I'm getting a Budgie tomorrow (all being well he's still there...) as a companion for my female Budgie, Jerry. She has lived with a male previously and got on fine with him, but she made sure he knew his place lol. 

I went out today and bought another cage etc... so that I can keep him away from mine untill I know he's not got any germs and then I'll introduce them slowly and put the new male into Jerry's cage as it's bigger...

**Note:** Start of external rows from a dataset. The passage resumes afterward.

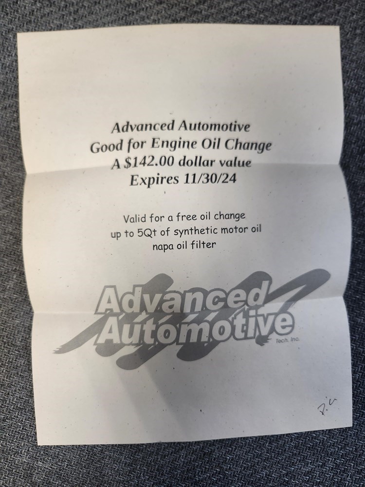 Get your oil changed and be ready for your next trip. Includes: Up to 5 qts of synthetic oil Napa Oil Filter Expires 11/30/2024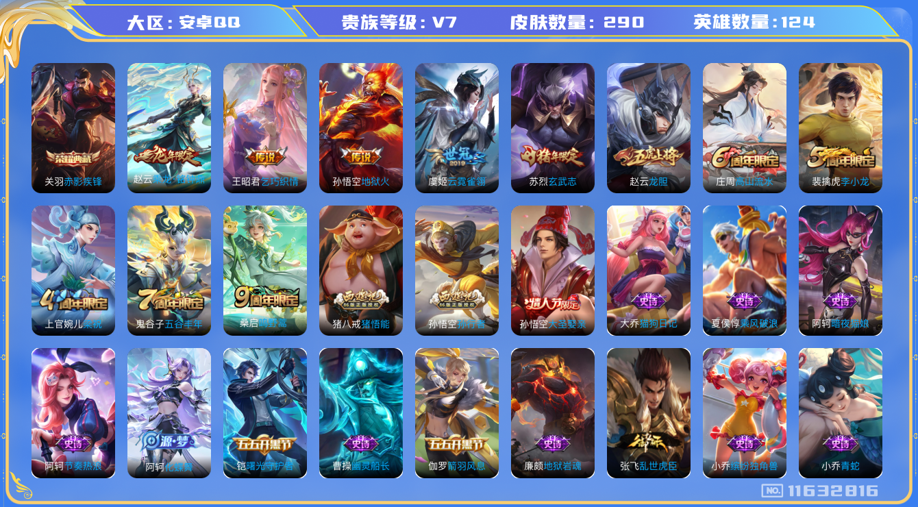 [11632816]V7 1典藏 5传说 124英雄 290皮肤 可修改实名 优质装备:赤影疾锋,云霓雀翎,地狱火,乞巧织情 传说皮:乘龙·铭钟鼎(赵云年限) 珍宝阁皮:妄想食味,蔷薇恋人,女武神 限定皮:鸣野蒿,高山流水,五谷丰年,梁祝,龙胆,李小龙,玄武志(苏烈年限),孙行者,猪悟能,大圣娶亲 史诗皮:化蝶舞,星界战将,石田雨龙,紫霞仙子,苍穹之光,黄金分割率,特工魅影,千年之狐,永昼,百解令(蒙犽),蒙恬荣光圣徽,无限星赏官,冰冠公主,青蛇,电玩·爆裂旋风,暗夜猫娘,龙骑士(小龙虾),末日机甲-吕布,猫狗日记-孙策,猫狗日记-大乔,乱世虎臣,节奏热浪,修罗,女仆咖啡,摇滚巨星,水果甜心,绅士熊喵,星夜王子,心灵骇客,功夫厨神,暗隐猎兽者,幽灵船长,鬼剑武藏,心灵战警,舞动绿茵,地狱岩魂,诗语江南,纤云弄巧,繁星吟游(呼啦呼啦),拒霜思,缤纷独角兽,乘风破浪,逐浪之夏,水晶猎龙者,曙光守护者,箭羽风息,金属风暴,原初追逐者,圣诞狂欢,圣诞恋歌,鹰眼统帅,魅力维加斯,黎明之约,无心,未来纪元-赵云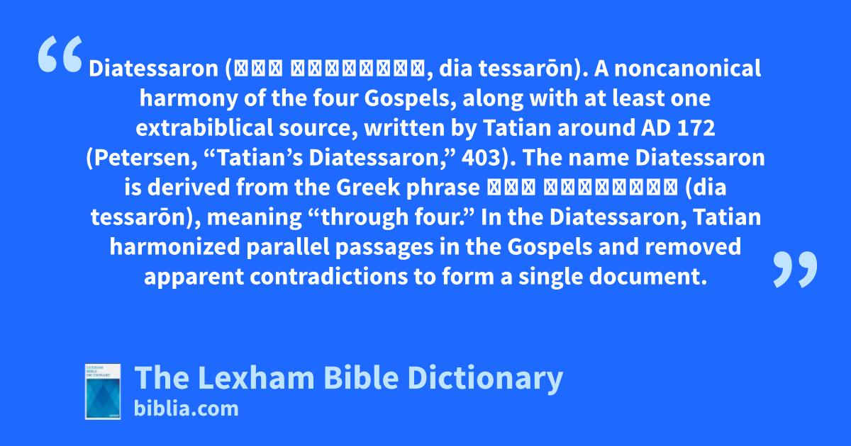 Diatessaron Diatessaron (διὰ τεσσάρων, dia tessarōn). A noncanonical harmony of the four Gospels, along with at least one extrabiblical source, written by Tatian around ad 172 (Petersen, “Tatian’s Diatessaron,” 403). The name Diatessaron is derived from the Greek phrase διὰ τεσσάρων (dia tessarōn), meaning “through four.” In the Diatessaron, Tatian harmonized parallel passages in the Gospels and removed apparent contradictions to form a single document.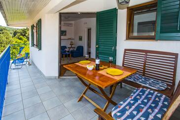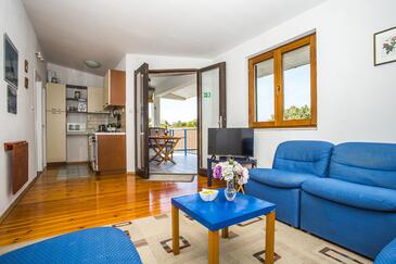 Ferienwohnung bietet Platz für 4 Gäste. Die Betten sind in Schlafzimmern, die es 2 gibt, innerhalb einer Gesamtfläche von 43m2, angeordnet. Die Gäste haben eine eigene Terrasse zur Verfügung, auf der sie in warmen Sommernächten genießen können. Es ist erlaubt, Speisen auf dem Gemeinschafts-Grill vorzubereiten.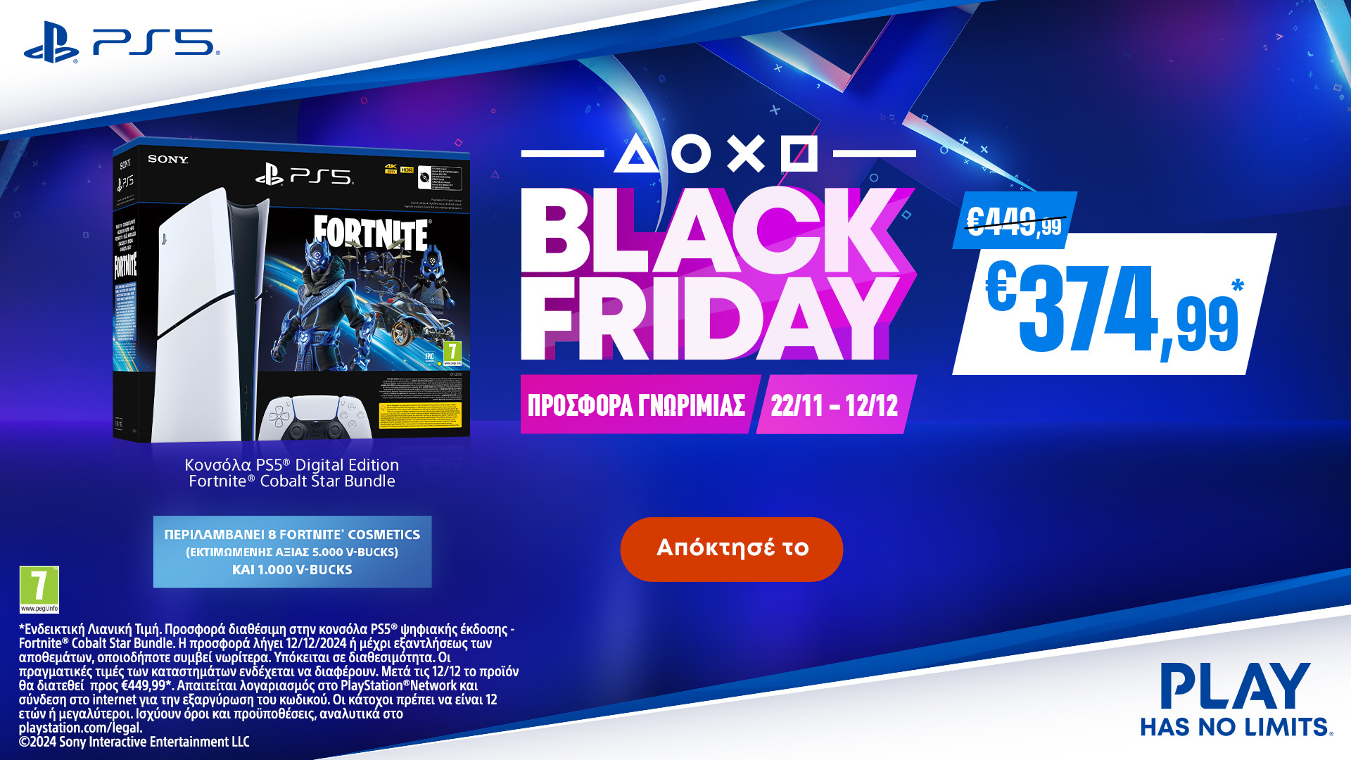 Επισκεφθείτε το PlayStation.com και περιηγηθείτε στις Black Friday προσφορές εδώ: https://www.playstation.com/el-gr/deals/black-friday/ και στο PlayStation®Store εδώ: https://store.playstation.com/en-gr/pages/BlackFriday/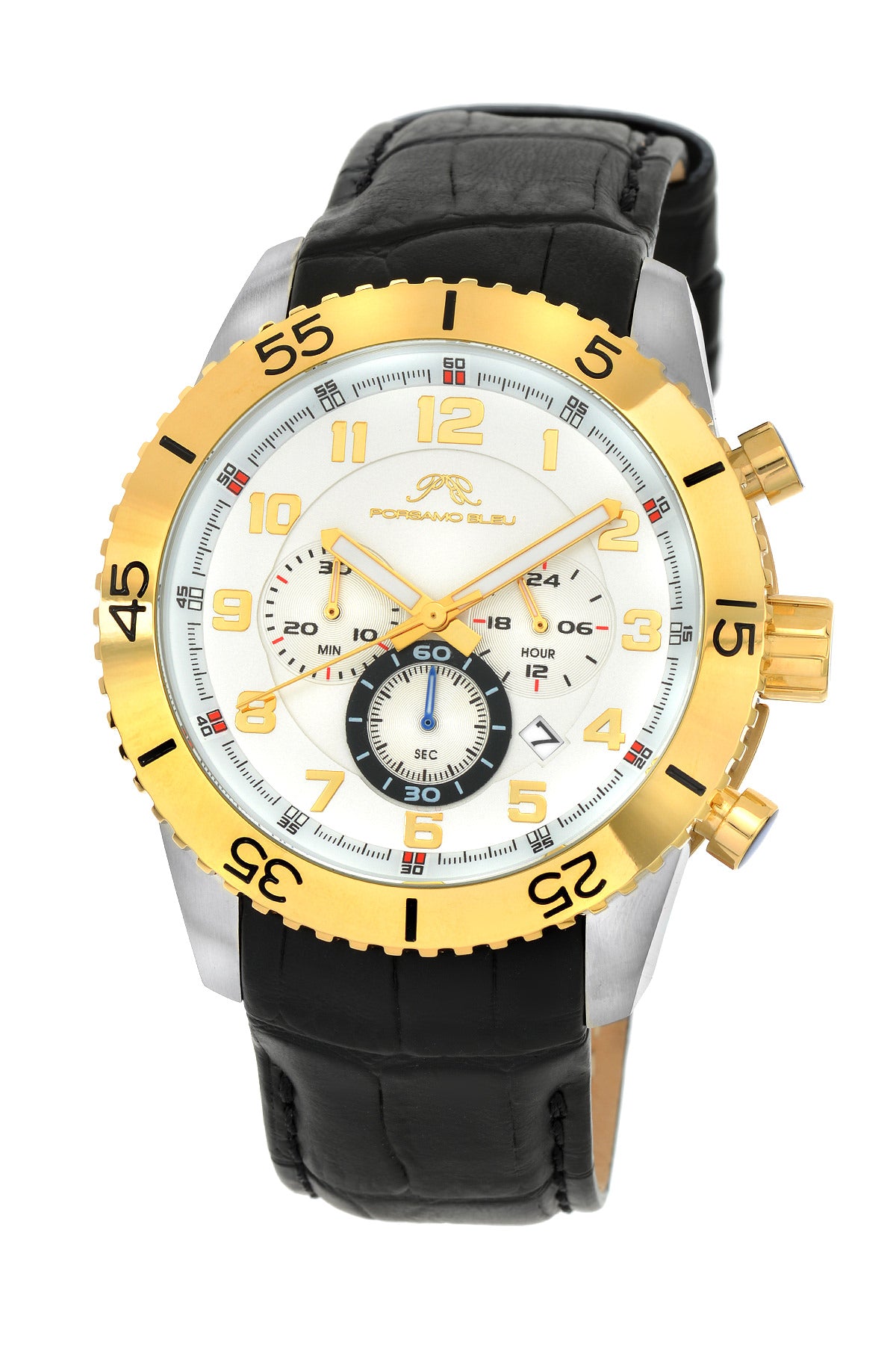 Porsamo Bleu Tristan Luxury Chronograph Men's Watch, Genuine Leather Band, Gold, Silver, Black 591CTRL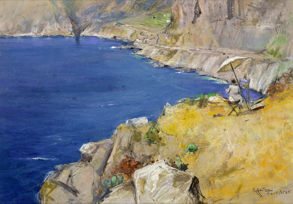 ‘Casciaro’s box of pastels is impossible to describe: a pinch of grey stones, uniform, small pieces no bigger than a bean; in that uniformity of ash, the tone of coral red or the intense blue of turquoise stood out. Casciaro, without looking for the colour, could feel it by touch, recognizing it by the shape of the pastel piece: he would sink his fingers into the box and, from all that grey, pull out, with certainty, the colour he needed. With the pads of his fingers, he kneaded, fused, and barely touched the surface of the painting, and not infrequently, he would strike it with the palm of his hand… Then, Siviero continues… once a work had been finished, he would move a few steps away from the place he was and, through a little rectangle of card, size up a new subject. With the dull and powdery material he handled, he was able to fully capture the crystalline transparency of the sky, the oily sheen of the sea, the glazed green of the pines, the solid compactness of the rock.’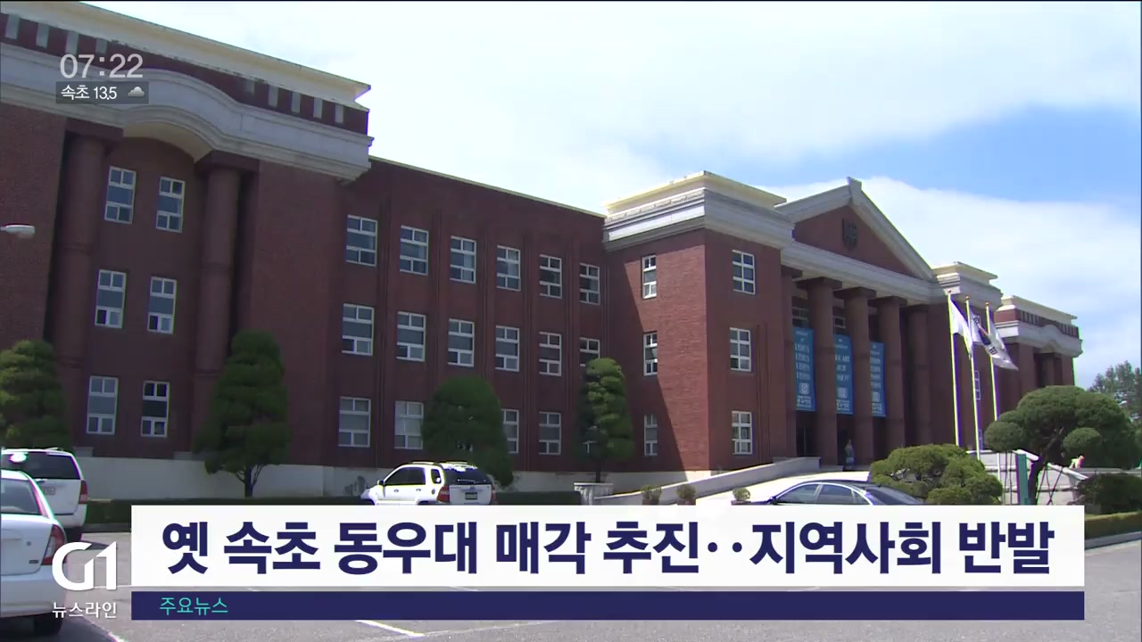 학교법인 경동대가 속초시에 위치한 옛 동우대학 토지와 건물 매각에 나선 가운데, 지역사회의 반발이 거세지고 있습니다.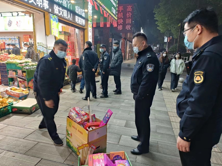 2023年1月10日晚,县全域禁炮办联合文星街道等多部门开展烟花爆竹联合整治行动。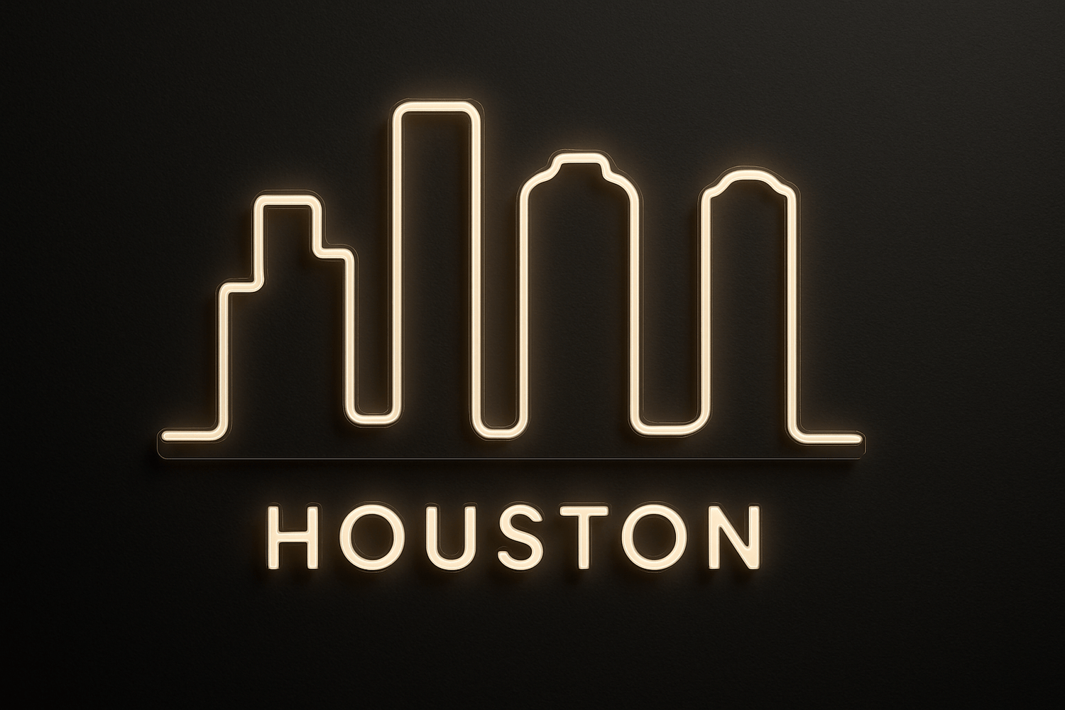 A soft warm-white continuous-line neon outline of the Houston skyline, designed for modern interiors. The acrylic backing follows the skyline form, creating a premium shadow-free floating look. Perfect for apartments, lounges, studios, and home offices.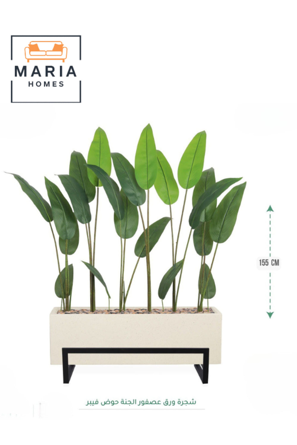 Create a modern and tropical atmosphere with this 155 cm tall artificial Bird of Paradise plant in a chic beige fiber pot.; Designed with realistic green leaves and decorative pebbles, it offers a refreshing look without watering or sunlight.; Perfect for living rooms, offices, majlis, or reception areas, this maintenance-free decorative plant enhances any interior with elegance and natural charm.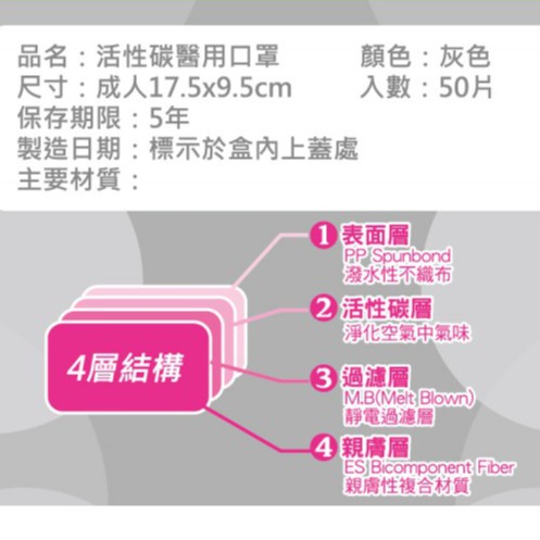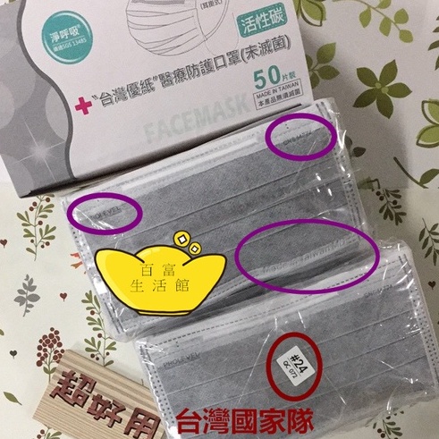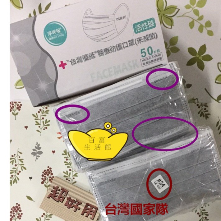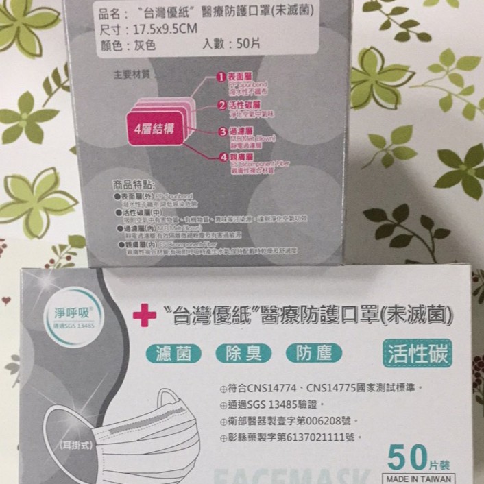 現貨 PROLEVEL 台灣優紙 成人平面4層活性碳醫用口罩 平面口罩 醫療級口罩*50入/盒-86 #百富生活館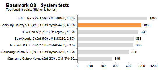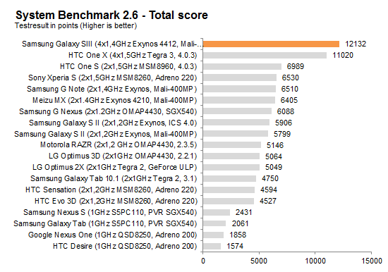 Inte helt oväntat presterar 4412 bra i System Benchmark då det testet har stöd för fyra kärnor. Däremot blir tävlingen med Tegra 3 lite viktigare då de har samma förutsättningar och likt förra året så kommer Exynos och snor förstaplatsen från Tegra.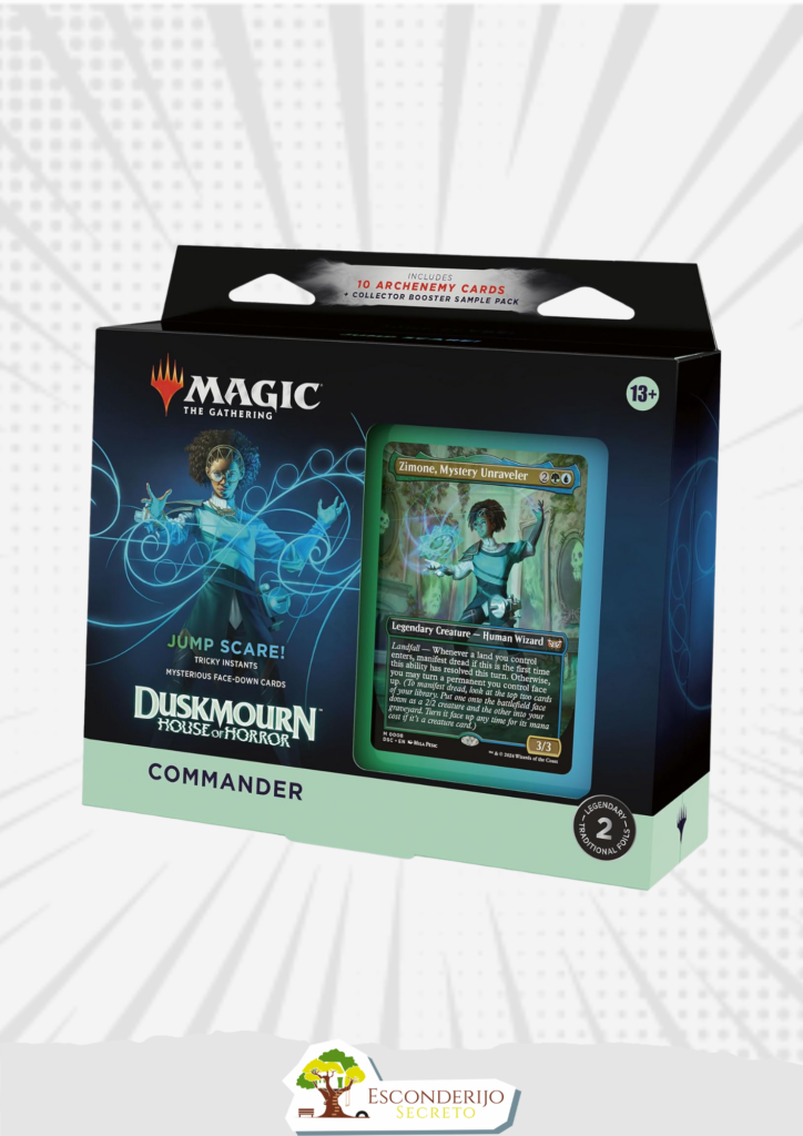 Lance o medo nos corações de seus oponentes com um baralho verde-azul que está pronto para jogar direto da caixa. This Duskmourn: House of Horror Jump Scare! O baralho Commander inclui 1 baralho de 100 cartas mágicas (98 cartas não metálicas e 2 cartas lendárias tradicionais sem bordas laminadas), 10 cartas Archenemy, um pacote de amostras de 2 cartas Collector Booster (contém 1 carta tradicional Foil ou nonfoil alt-border de raridade de raridade ou superior e 1 carta tradicional Foil Incomum), 10 fichas de dupla face, 1 caixa de baralho (pode conter Manga 100 cartões), 1 Life Wheel, 1 inserção de estratégia e 1 cartão de referência.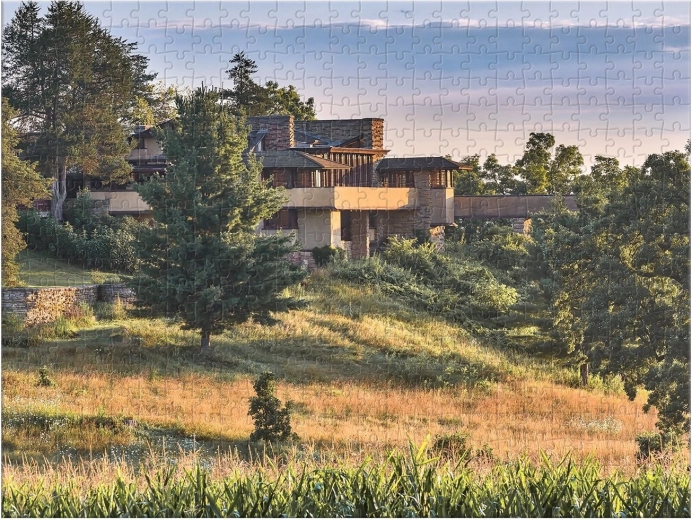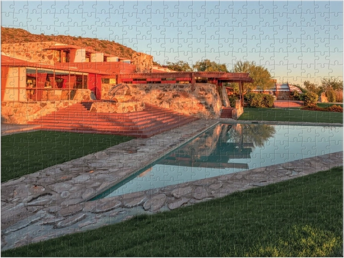 Erleben Sie doppelte Freude mit diesem faszinierenden doppelseitigen Puzzle, das ikonische Fotografien des berühmten amerikanischen Architekten **Frank Lloyd Wright** beinhaltet.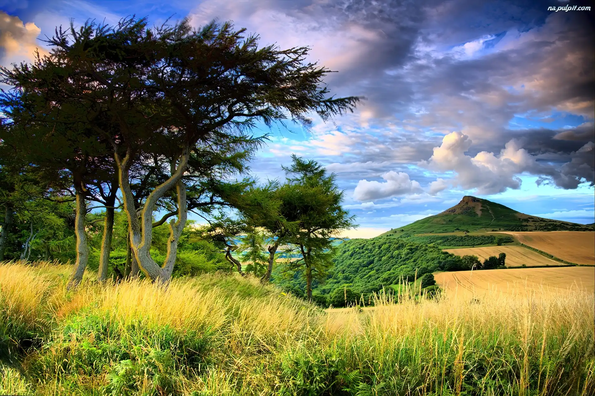 Niebo, Trawy, Drzewa, Pola, Góra Na Pulpit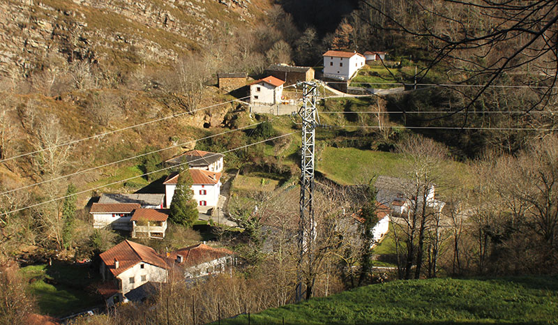 No está estructurado en torno a un núcleo de población, sino que es un espacio en el que se ubican varios caseríos que cuentan con sus casas, huertos, dependencias y praderas para el ganado, que es su actidad económica.

My question is; can they breed? I was told that as long as there is no nesting box... they won't have eggs? I hope this is true... as otherwise, I'd have to keep them both seperate! And I'm back to square one of lonely Budgie... only this time, with two! :blink:


----------



## DKDREAM (Sep 15, 2008)

Its true they should not breed without a nesting box. ive never known it and my uncle breeds show budgies he said they need a box. Hope you get him


----------



## Guest (Jan 18, 2009)

Aha! Great news! Thanks hun!  x


----------



## DKDREAM (Sep 15, 2008)

No probs. Im gonna get some budgies soon as I lost one of my parrots Rojo he was only 2 years old and had a heart murmor and it got the better of him he was a Black Headed Caique


----------



## Guest (Jan 18, 2009)

Aww I'm sorry to hear that  they're beautiful birds - colourful!


----------



## DKDREAM (Sep 15, 2008)

Yeah he was very friendly too bless him, he used to love playing with leather strips on toys, they are total clowns.


----------



## Guest (Jan 18, 2009)

Hehe, you'll have to post some pictures of him


----------



## DKDREAM (Sep 15, 2008)

Heres the little guy himself!


----------



## Guest (Jan 18, 2009)

Wow he was stunning!


----------



## u-look-like-a-hamster (Aug 17, 2008)

DKDREAM said:


> Heres the little guy himself!


i see no pics.....


----------



## DKDREAM (Sep 15, 2008)

Here ya go


----------



## u-look-like-a-hamster (Aug 17, 2008)

:yikes: he is a little stunner.

im sorry for yuorloss 



how much do they cost??


----------



## DKDREAM (Sep 15, 2008)

He cost £500 but if you look about for a proper breeder they maybe cheaper. You can also get yellow Theighed Caiques and Green theighed Caiques. the black headed is more popular.


----------



## u-look-like-a-hamster (Aug 17, 2008)

: £500 that quite cheap!! 


 

are theyhard to look after??
xx


----------



## DKDREAM (Sep 15, 2008)

they arnt that hard to look after no they just love loads of toys and of course attention.* they arnt very good talkers but it didnt bother me they are known the clowns of the parrot world.* If you look on you tube you will see some caiques and how silly they can be Rojo used to love playing football while having a bath in a little dish of water.


----------